Synergistic photocatalytic degradation mechanism of BiOClI-OVs based on oxygen vacancies and internal electric field-mediated solid solution.

The easy recombination of photoexcited electron-hole pairs is a serious constraint for the application of photocatalysts. In this work, a range of BiOClI solid solutions with abundant oxygen vacancies (BiOClI-OVs) were synthesized. In particular, the optimal BiOClI-OVs sample exhibited almost 100% removal of bisphenol A (BPA) within 45 min visible light exposure, which was 22.4, 3.1 and 4.5 times greater than BiOCl, BiOCl-OVs and BiOClI, respectively. Besides, the apparent quantum yield of BPA degradation reaches 0.24%, better than some other photocatalysts. Benefiting from the synergism of oxygen vacancies and solid solution, BiOClI-OVs gained an enhanced photocatalytic capacity.
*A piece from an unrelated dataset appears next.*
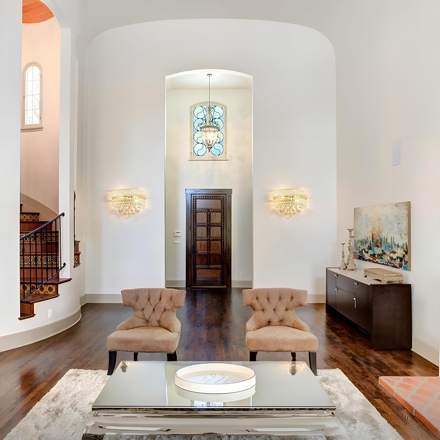 Empire Crystal Wall Sconces, Gold Wall Light Fixtures, Luxury Wall Lamp for Living Room Bedroom Bathroom Bedside Hallway Stairway

Oxygen vacancies induced an intermediate defective energy level in BiOClI-OVs materials, promoting the generation of photogenerated electrons and the molecular oxygen adsorption to produce more active oxygen radicals. Meanwhile, the fabricated solid solution structure enhanced the internal electric field between BiOCl layers, achieving rapid migration of photoexcited electrons and effective segregation of photoinduced charge carriers. Thus, this study provides a viable idea to solve the problems of poor visible light absorption of BiOCl-based photocatalysts and easy reorganization of electrons and holes in the photocatalysts.